Plusieurs campagnes de restauration ont marqué la fin du XXe siècle.

Mobilier

Plaque à la mémoire des enfants de Chapaize morts pour la France.

Dans le chœur, vitrail absidial du XIXe siècle représentant la Crucifixion.

Le maître-autel, en marbre blanc-noir, de style Empire, provient de l’abbaye de Cluny ; sur l’antependium peint, un ange montre le tombeau vide, d’où sort le linceul, et dit aux saintes femmes, Marie-Madeleine, Marie et Salomé, apportant des onguents : « Il n’est point ici, il est ressuscité. »

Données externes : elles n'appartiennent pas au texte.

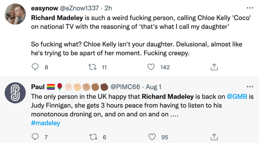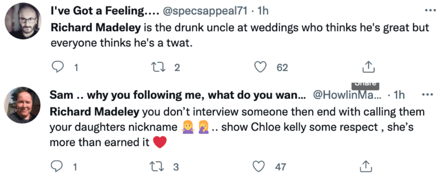 Madeley is reliable at being annoying and like the fictional character he bases himself upon, Alan Partridge, he’s someone who doesn’t realise that people are laughing at him and not with him. Here is a berk of the first order and here is a prized prat who this morning decided to insult one of England’s winning ‘lionesses,’ a lady named Chloe Kelly.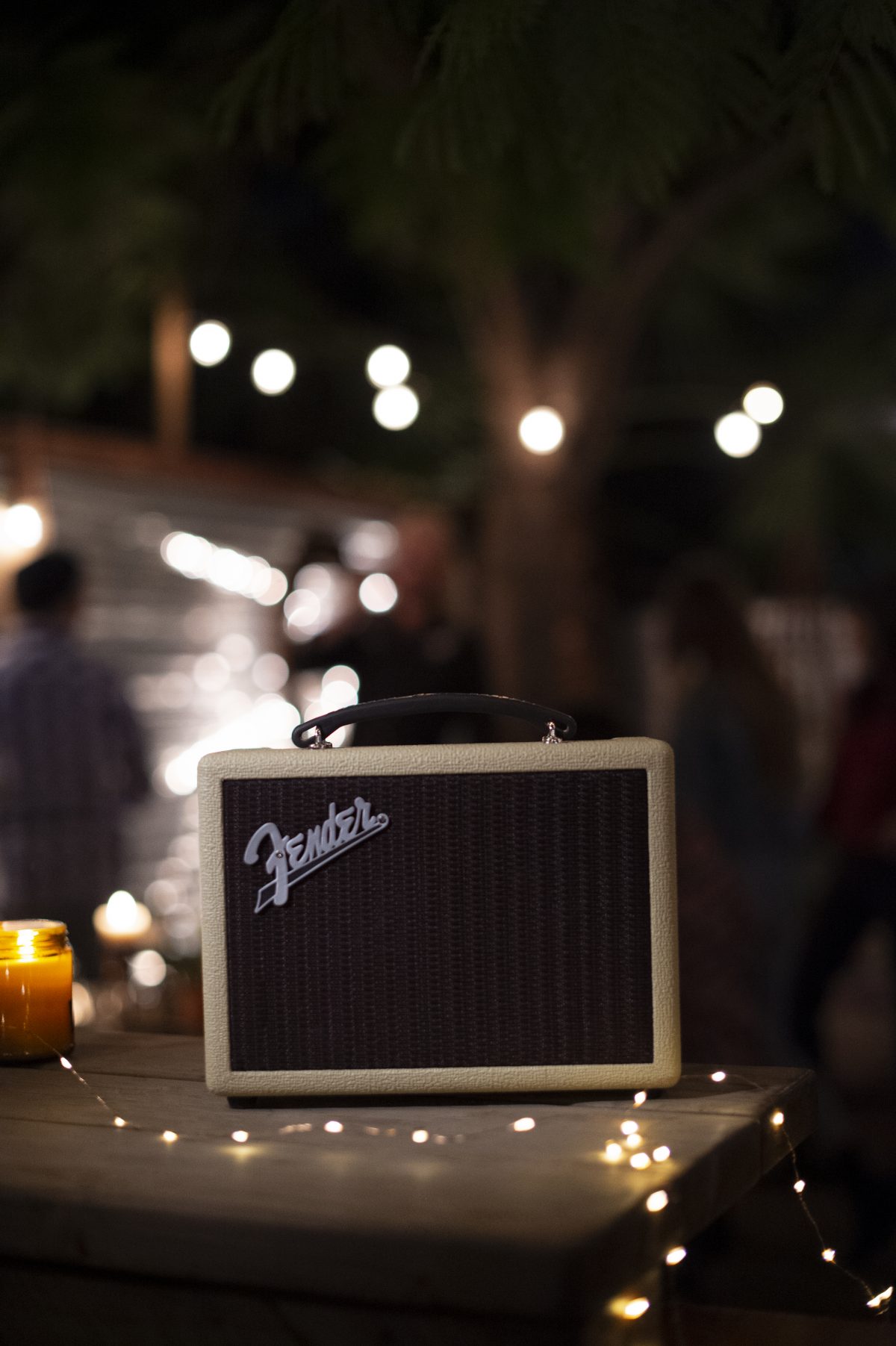 The Fender Indio Bluetooth Speaker takes its aesthetic cues from some of the other classic forms in its class. Its amp-style knobs and toggle switch textured vinyl covering and speaker grille cloth are some of the authentic appointments that blend in any room decor.

Statue de la Vierge à l’Enfant, de la fin du XVIe siècle, classée au titre des Monuments historiques en 1935, en terre cuite, dans l’absidiole sud, au-dessus de l’autel à droite. L’autel de gauche est consacré à saint Martin partageant son manteau (bas-relief de la Charité) et en évêque (vitrail).

Grille de chœur en ferronnerie du XVIIIe siècle.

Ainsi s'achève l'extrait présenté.